- YOUR TASK: Please transcribe the entries exactly and omit the images they contain.

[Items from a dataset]
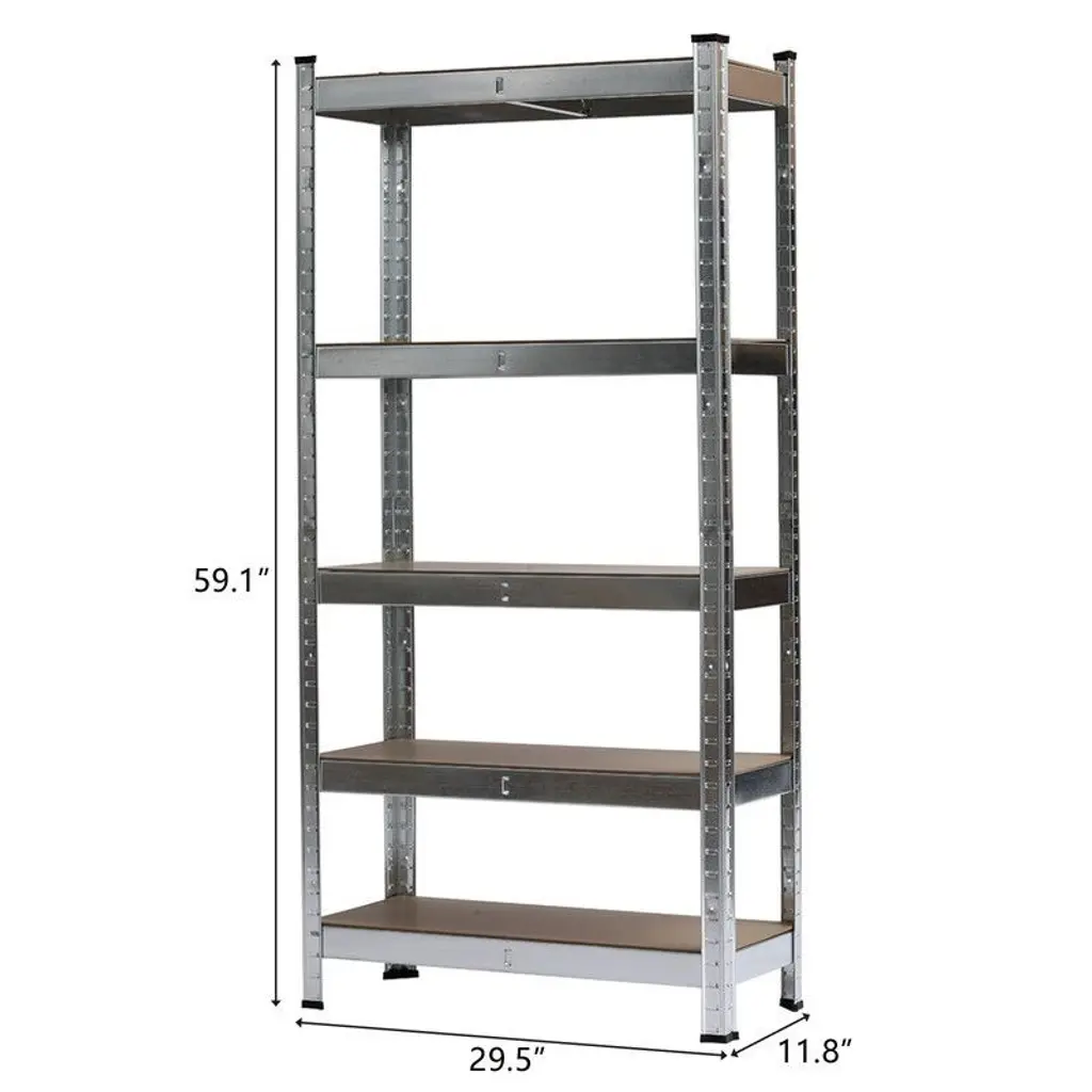 This high-quality storage shelf is constructed of metal plates. This 5-tier shelving unit can be used separately or combined with other shelves into a larger storage space to meet your various needs. Its boltless design allows it to be easily assembled and disassembled. This storage rack can be disassembled into a compact size for easy storing and transporting. It is an ideal storing and displaying solution in kitchens, garages, workshops, warehouses, and balconies.
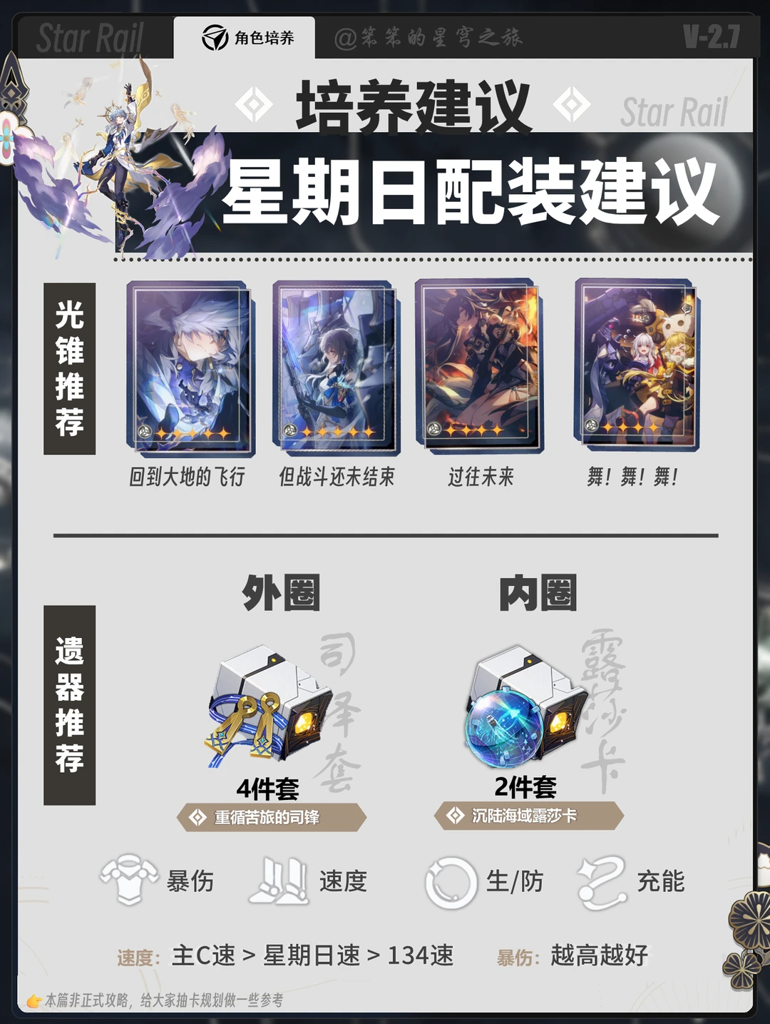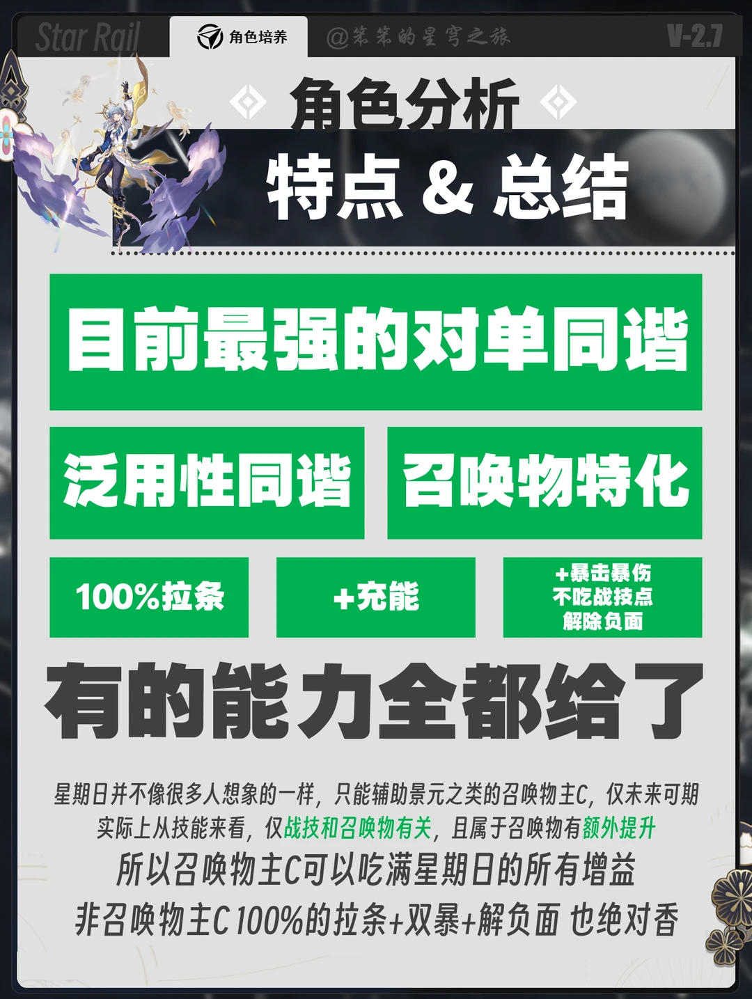 🐱大家好,我是笨笨的铲屎官 今天给大家带来的是星期日的抽取推荐 内容来自创作体验服,具体以上线为准 ---------------------------------- 前瞻的时候以为星期日会是召唤物特化辅助 测试发现确实是的 但是除此之外,泛用性也特别强 只要是单C输出,基本上都可以辅助 100%的拉条+充能+各项能力 基本上属于鸭鸭的绝对上位 强烈推荐抽取并培养
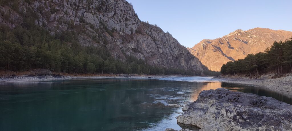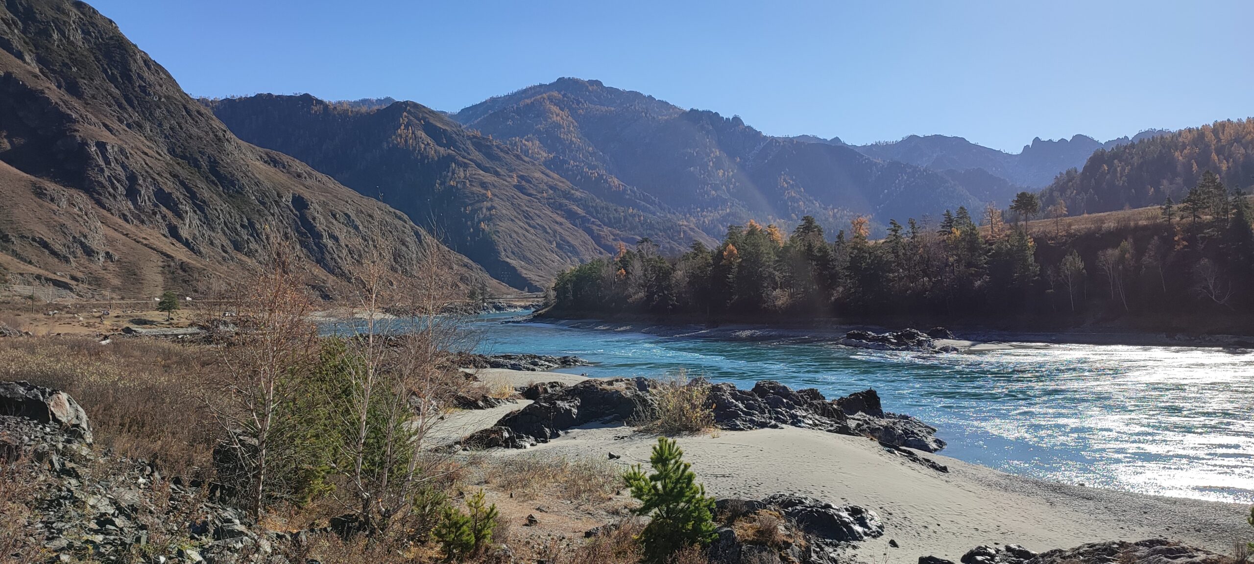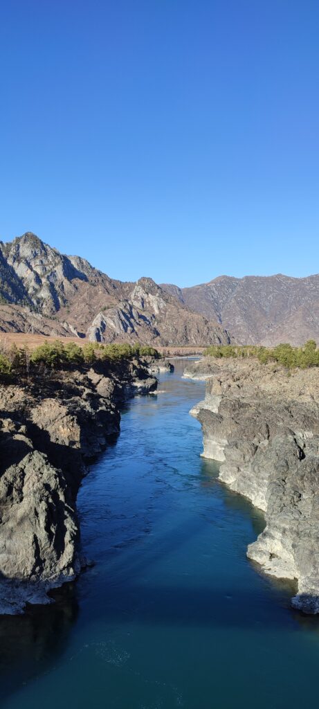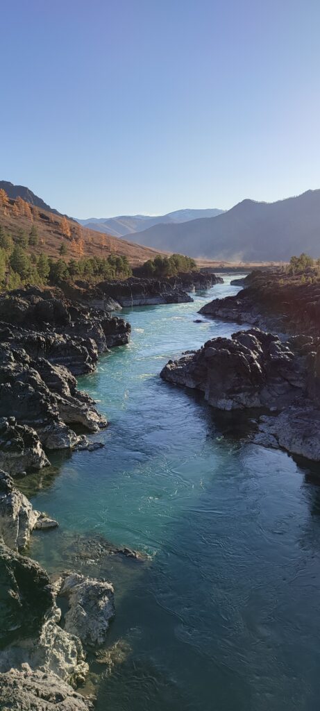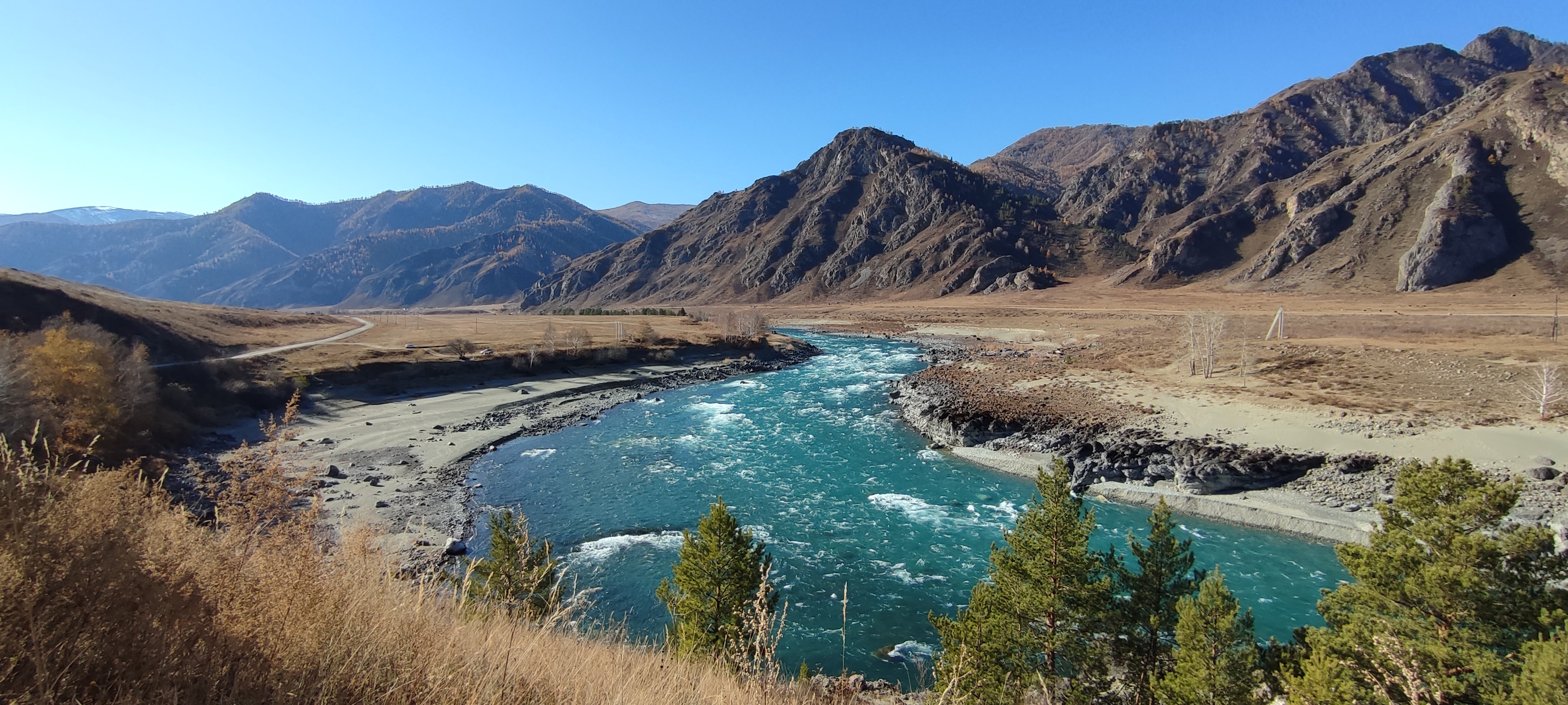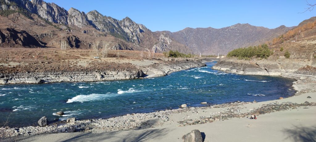 Каких-то 45 км от Чемала, а уже совершенно другой пейзаж, другое течение реки, гораздо выше горы и преобладание степных пейзажей над лесными.
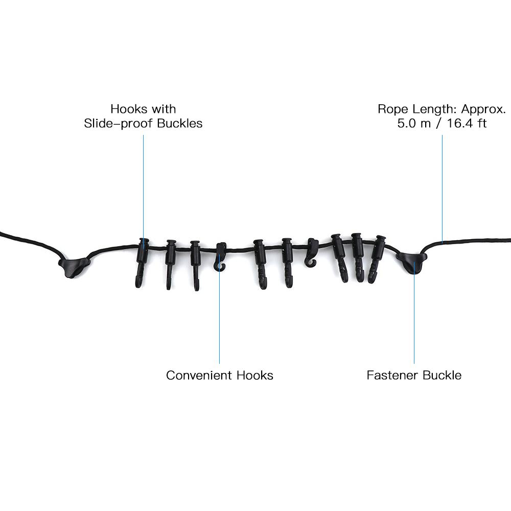 На открытом воздухе 5-метровая подвесная веревка с крючками, универсальная линия одежды для кемпинга, походов и походов
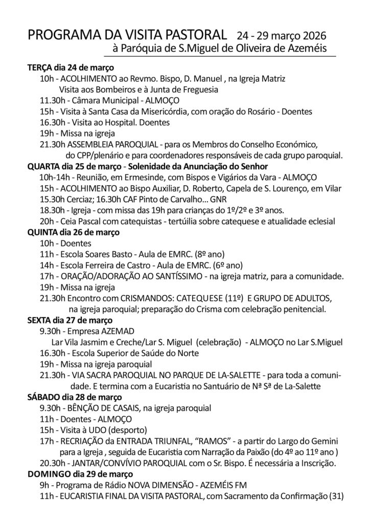 Visita Pastoral, Paróquia de Oliveira de Azeméis
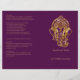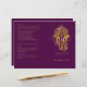 Ce design élégant, appelé Purple and Gold Parties scintillant Indian Mariage, a un arrière - plan violet. Sur le devant, il y a un design de bordure de style parties scintillant dorée avec Lord Genesha au centre pour écarter tout obstacle. Vers le bas est le nom du couple en or. Le dos a un arrière - plan violet avec votre texte en or. Cet ensemble a des invitations, enregistrer les cartes de date, les cartes de réponse, les cartes de remerciement, les cartes de numéro de table, les étiquettes de vin, les programmes de mariage, et beaucoup d'autres articles de papeterie mariage de jour, les faveurs et les cadeaux à coordonner. Tous les éléments sont imprimés sur nos produits de haute qualité, ils n'incluent pas d'or, de bijoux, de gaufrage ou d'autres éléments textiles. Tous les dessins sont copyright Noteable Expressions, Inc. Tous droits réservés.
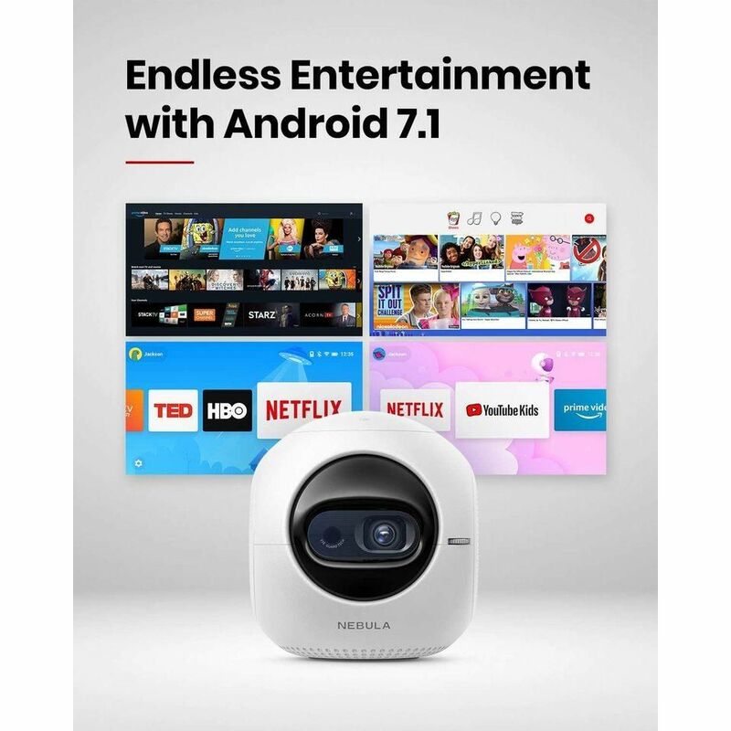 حوّل أي مكان إلى مسرح سينمائي شخصي بإستخدام (إيفي نيبولا أسترو بي ٢ سي يو كي، وايت إريتيشن ١). جهاز العرض صغير الحجم لساعات من الترفيه، ويشتغل البطارية إلى ٢.٥ ساعة.

- TASK RESULT:
 This high-quality storage shelf is constructed of metal plates. This 5-tier shelving unit can be used separately or combined with other shelves into a larger storage space to meet your various needs. Its boltless design allows it to be easily assembled and disassembled. This storage rack can be disassembled into a compact size for easy storing and transporting. It is an ideal storing and displaying solution in kitchens, garages, workshops, warehouses, and balconies.
 🐱大家好,我是笨笨的铲屎官 今天给大家带来的是星期日的抽取推荐 内容来自创作体验服,具体以上线为准 ---------------------------------- 前瞻的时候以为星期日会是召唤物特化辅助 测试发现确实是的 但是除此之外,泛用性也特别强 只要是单C输出,基本上都可以辅助 100%的拉条+充能+各项能力 基本上属于鸭鸭的绝对上位 强烈推荐抽取并培养
 Каких-то 45 км от Чемала, а уже совершенно другой пейзаж, другое течение реки, гораздо выше горы и преобладание степных пейзажей над лесными.
 На открытом воздухе 5-метровая подвесная веревка с крючками, универсальная линия одежды для кемпинга, походов и походов
 Visita Pastoral, Paróquia de Oliveira de Azeméis
 Ce design élégant, appelé Purple and Gold Parties scintillant Indian Mariage, a un arrière - plan violet. Sur le devant, il y a un design de bordure de style parties scintillant dorée avec Lord Genesha au centre pour écarter tout obstacle. Vers le bas est le nom du couple en or. Le dos a un arrière - plan violet avec votre texte en or. Cet ensemble a des invitations, enregistrer les cartes de date, les cartes de réponse, les cartes de remerciement, les cartes de numéro de table, les étiquettes de vin, les programmes de mariage, et beaucoup d'autres articles de papeterie mariage de jour, les faveurs et les cadeaux à coordonner. Tous les éléments sont imprimés sur nos produits de haute qualité, ils n'incluent pas d'or, de bijoux, de gaufrage ou d'autres éléments textiles. Tous les dessins sont copyright Noteable Expressions, Inc. Tous droits réservés.
 حوّل أي مكان إلى مسرح سينمائي شخصي بإستخدام (إيفي نيبولا أسترو بي ٢ سي يو كي، وايت إريتيشن ١). جهاز العرض صغير الحجم لساعات من الترفيه، ويشتغل البطارية إلى ٢.٥ ساعة.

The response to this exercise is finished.